The characteristic up-tempo style of this century, if Ms. Browne is to be believed, is open, casual but alert, concerned with sustainability and partial to upholstery, to expressive and figurative painting, to luxurious bathrooms, to sensuous surfaces and textures. Attention to surface can occasionally become the driving force in the design. For a renovation in a 1950s Austrian apartment block, for instance, Atelier Peter Ebner covered every plane – floors, walls, ceilings – with a semi-abstract botanical pattern that defies the owner to put up art, but lends vivid interest to what would otherwise be blank expanses.

More commonly, interest in the skin of the apartment’s interior finds expression in deployment of sumptuous materials and unusual shapes. Architect Isay Weinfeld, in a complete overhaul of an old New York flat, lined the new rooms with richly dark wood, while UNStudio sculpted a gleaming, curvaceous loft, also in New York, out of an unpromisingly ordinary oblong of space. Contemporary designers, such schemes show, are thinking well outside modernism’s rigid, straight-sided white box, working with other geometries, imagining new ways (some of which, like wood panelling, seem old) to frame the apartment-dweller’s domestic experience.

Beverley Street condo by Reigo & Bauer, Toronto. From: 21st Century Architecture: Apartment Living, Images Publishing. Photo by Tom Arban

But the general attitude of new design toward the past, unlike that of high modernism or minimalism, is forgiving, accepting. Take, for example, the 3,000-square-foot Beverley Street apartment by Toronto designers Merike Reigo and Stephen Bauer – the only Canadian project showcased in the book. In the living room of this suite, old-fashioned turquoise wingback chairs mingle comfortably with strictly modern black sofas. This is design beyond dogma.

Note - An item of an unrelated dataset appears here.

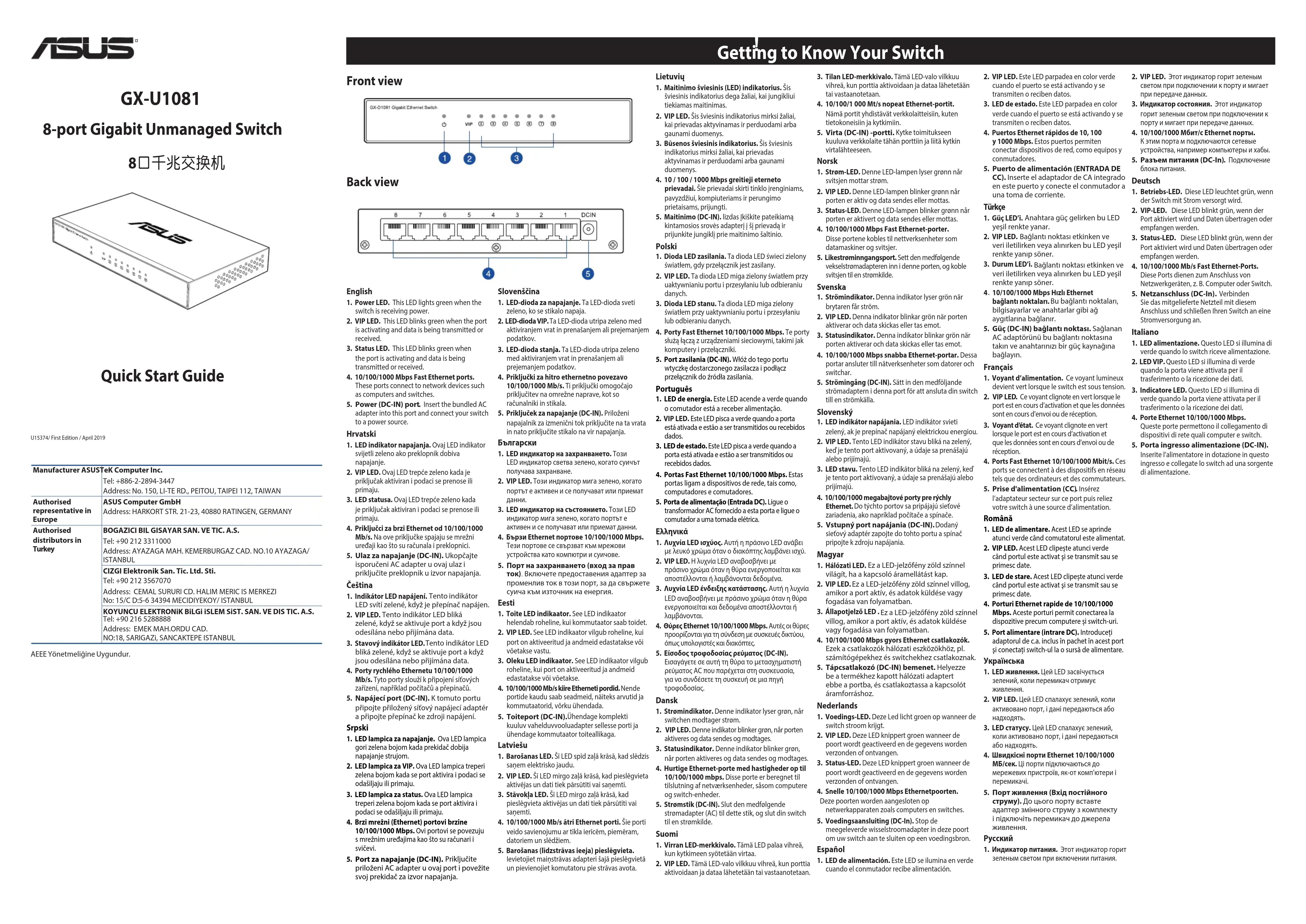 lorsque le port est en cours d’activation et que les données sont en cours d’envoi ou de réception.4. Ports Fast Ethernet 10/100/1000 Mbit/s. Ces ports se connectent à des dispositifs en réseau tels que des ordinateurs et des commutateurs. Prise d'alimentation (CC). Insérez l’adaptateur secteur sur ce port puis reliez votre switch à une source d’alimentation. Română 1. LED de alimentare. Acest LED se aprinde atunci verde când comutatorul este alimentat.2. VIP LED. Acest LED clipește atunci verde când portul este activat şi se transmit sau se primesc date.3. LED de stare. Acest LED clipește atunci verde când portul este activat şi se transmit sau se primesc date.4. Porturi Ethernet rapide de 10/100/1000 Mbps. Aceste porturi permit conectarea la dispozitive precum computere și switch-uri.5. Port alimentare (intrare DC). Introduceți adaptorul de c.a. inclus în pachet în acest port şi conectați switch-ul la o sursă de alimentare. 1. LED живлення. Цей LED засвічується зелений, коли перемикач отримує живлення.2. VIP LED. Цей LED спалахує зелений, коли активовано порт, і дані передаються або надходять.3. LED статусу. Цей LED спалахує зелений, коли активовано порт, і дані передаються або надходять.4. Швидкісні порти Ethernet 10/100/1000 МБ/сек. Ці порти підключаються до мережевих пристроїв, як-от комп’ютери і перемикачі. Порт живлення (Вхід постійного струму). До цього порту вставте адаптер змінного струму з комплекту і підключіть перемикач до джерела живлення. Pyccкий 1. Индикатор питания. Этот индикатор горит зеленым светом при включении питания.2. VIP LED. Этот индикатор горит зеленым светом при подключении к порту и мигает при передаче данных.3. Индикатор состояния. Этот индикатор горит зеленым светом при подключении к порту и мигает при передаче данных. 4. 10/100/1000 Mбит/с Ethernet порты. К этим порта м подключаются сетевые устройства, например компьютеры и хабы. Разъем питания (DC-In). Подключение блока питания. Deutsch 1. Betriebs-LED. Diese LED leuchtet grün, wenn der Switch mit Strom versorgt wird.2. VIP-LED. Diese LED blinkt grün, wenn der Port aktiviert wird und Daten übertragen oder empfangen werden.3. Status-LED. Diese LED blinkt grün, wenn der Port aktiviert wird und Daten übertragen oder empfangen werden. 4. 10/100/1000 Mb/s Fast Ethernet-Ports. Diese Ports dienen zum Anschluss von Netzwerkgeräten, z. B. Computer oder Switch. Netzanschluss (DC-In). Verbinden Sie das mitgelieferte Netzteil mit diesem Anschluss und schließen Ihren Switch an eine Stromversorgung an. Italiano 1. LED alimentazione. Questo LED si illumina di verde quando lo switch riceve alimentazione.2. LED VIP. Questo LED si illumina di verde quando la porta viene attivata per il trasferimento o la ricezione dei dati.3. Indicatore LED. Questo LED si illumina di verde quando la porta viene attivata per il trasferimento o la ricezione dei dati. 4. Porte Ethernet 10/100/1000 Mbps. Queste porte permettono il collegamento di dispositivi di rete quali computer e switch. Porta ingresso alimentazione (DC-IN). Inserite l’alimentatore in dotazione in questo ingresso e collegate lo switch ad una sorgente di alimentazione. Front view Back viewNotebook PCRouter NAS RJ-45 RJ-45RJ-45 ASUSTeK COMPUTER INC. (Asia Pacic) Address 15 Li-Te Road, Peitou, Taipei, Taiwan 11259 Website www.asus.com.tw Technical Support Telephone +886228943447 Support Fax +886228907698 Online support https://www.asus.com/support/ ASUS COMPUTER INTERNATIONAL (America) Address 48720 Kato Rd., Fremont, CA 94538, USA Telephone +15107393777 Fax +15106084555 Website usa.asus.com Online support https://www.asus.com/support/ ASUS COMPUTER GmbH (Germany and Austria) Address Harkort Str. 21-23, D-40880 Ratingen, Germany Support Fax +49-2102-959931 Website asus.com/de Online contact eu-rma.asus.com/sales Technical Support Telephone (Component) +49-2102-5789555 Telephone Germany (System/Notebook/Eee/LCD) +49-2102-5789557 Telephone Austria (System/Notebook/Eee/LCD) +43-820-240513 Support Fax +49-2102-959911 Online support https://www.asus.com/support/ English CE statement Simplied EU Declaration of Conformity ASUSTek Computer Inc. hereby declares that this device is in compliance with the essential requirements and other relevant provisions of Directive 2014/53/EU. Full text of EU declaration of conformity is available at https://www.asus.com/support. Hrvatski CE izjava Pojednostavljena EU Izjava o sukladnosti ASUSTek Computer Inc. ovime izjavljuje da je uređaj sukladan s osnovnim zahtjevima i ostalim važnim odredbama direktive 2014/53/EU. Cijeli tekst EU izjave o sukladnosti dostupan je na https://www.asus.com/support/. Čeština Prohlášení CE Forenklet EU- overensstemmelseserklæringen ASUSTek Computer Inc. erklærer herved, at denne enhed er i overensstemmelse med hovedkravene og øvrige relevante bestemmelser i direktiv 2014/53/EU. Hele EU-overensstemmelseserklæringen kan ndes på https://www.asus.com/support/. Slovenščina Izjava CE Poenostavljena izjava o skladnosti EU ASUSTek Computer Inc. izjavlja, da je ta naprava skladna s temeljnimi zahtevami in drugimi relevantnimi določili Direktive 2014/53/EU. Celotno besedilo izjave EU o skladnosti je na voljo na spletnem mestu https://www.asus.com

Over the table in the Toronto suite’s otherwise austere dining room hangs a humorously flamboyant, cartoon-like chandelier – a reminder that contemporary apartment style does not take itself all that seriously, and does not consider itself the interior-design wing of a crusade to advance “good taste.” Instead, it welcomes collision and mix-up, allusion and metaphor – so long as these poetic gestures do not clutter up the place, restricting the spaciousness, the easy flow, that the style celebrates above all else.

Some of the schemes illustrated here are in brand-new towers; others (such as the one in Toronto) are revisions of spaces in long-established residential structures; still others are insertions in recently converted warehouses or factories. One or two are small; clever architects in Ljubljana worked a little miracle with a loft only 320 square feet in area. Most of Ms. Browne’s examples, however, are large, and many are dauntingly deluxe.

But her book is full of punchy, provocative design ideas that can be variously scaled, adapted and re-sized to fit any budget and lifestyle. There is a great deal here for empty-nesters about to downsize, young condo buyers furnishing their first digs – and for people who, like me, love apartment living, and enjoy seeing the ways others have discovered of doing so beautifully.